7/3/2007 12:27 PM EDT

Using size_t appropriately can improve the portability, efficiency, or readability of your cod.  Maybe even all three.


Numerous functions in the Standard C library accept arguments or return values that represent object sizes in bytes. For example, the lone argument in malloc(n) specifies the size of the object to be allocated, and the last argument in memcpy(s1, s2, n) specifies the size of the object to be copied. The return value of strlen(s) yields the length of (the number of characters in) null-terminated character array s excluding the null character, which isn’t exactly the size of s, but it’s in the ballpark.
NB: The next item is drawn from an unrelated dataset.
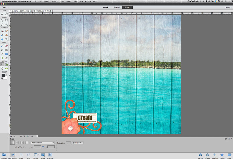 1. The first step in printing your 12×12 page is to create a digital scrapbook page. I use Adobe Photoshop Elements to create my digital scrapbook pages. The Epson 1430 comes with Photoshop Elements. Create the layout in 12′ x 12′ size (inches.)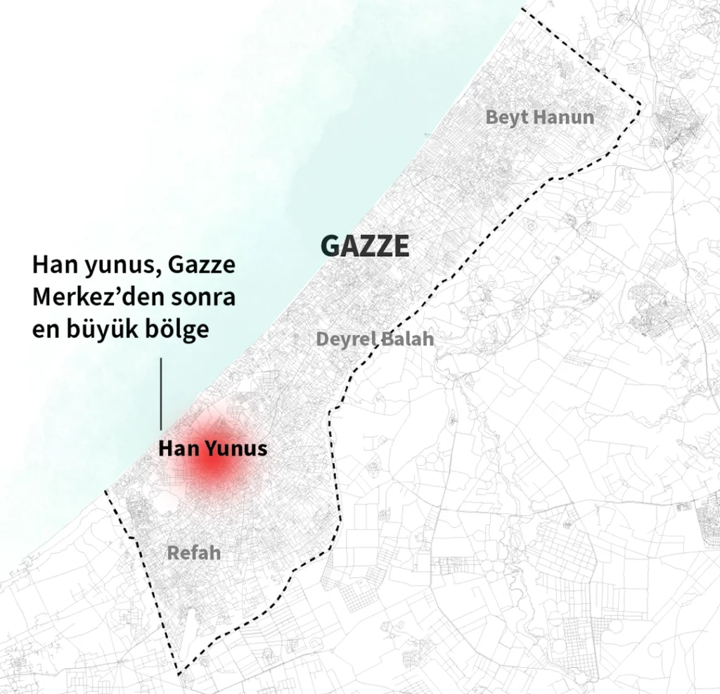 İsrail askerlerinin güneyde Han Yunus, kuzeyde Şecaiye ve Cibaliye dahil Gazze’nin büyük kısmında savaşın şiddetini artırdığı bildiriliyor. İsrail’in Kanal 13 televizyonunda yer alan habere göre Netanyahu hafta sonu ABD Başkanı Joe Biden telefon görüşmesi yapıp Han Yunus’taki saldırılarının üç ila dört hafta süreceğini söylemiş. Güneydeki Han Yunus kuzeydeki Gazze Merkez’den sonra Gazze Şeridi’nin en büyük ikinci bölgesi. 7 Ekim’deki savaş başlamadan önce bölgenin en yüksek istihdam oranı da Han Yunus’taydı.

You might reasonably expect these parameters and return types that represent sizes to be declared with type int (possibly long and/or unsigned), but they aren’t. Rather, the C standard declares them as type size_t. According to the standard, the declaration for malloc should appear in <stdlib.h> as something equivalent to:

void *malloc (size_t  n);


and the declarations for memcpy and strlen should appear in <string.h> looking much like:

void  *memcpy (void *s1, void const  *s2, size_t  n);  size_t  strlen (char const *s);



The type size_t also appears throughout the C++ standard library. In addition, the C++ library uses a related symbol size_type, possibly even more than it uses size_t.


In my experience, most C and C++ programmers are aware that the standard libraries use size_t, but they really don’t know what size_t represents or why the libraries use size_t as they do. Moreover, they don’t know if and when they should use size_t themselves.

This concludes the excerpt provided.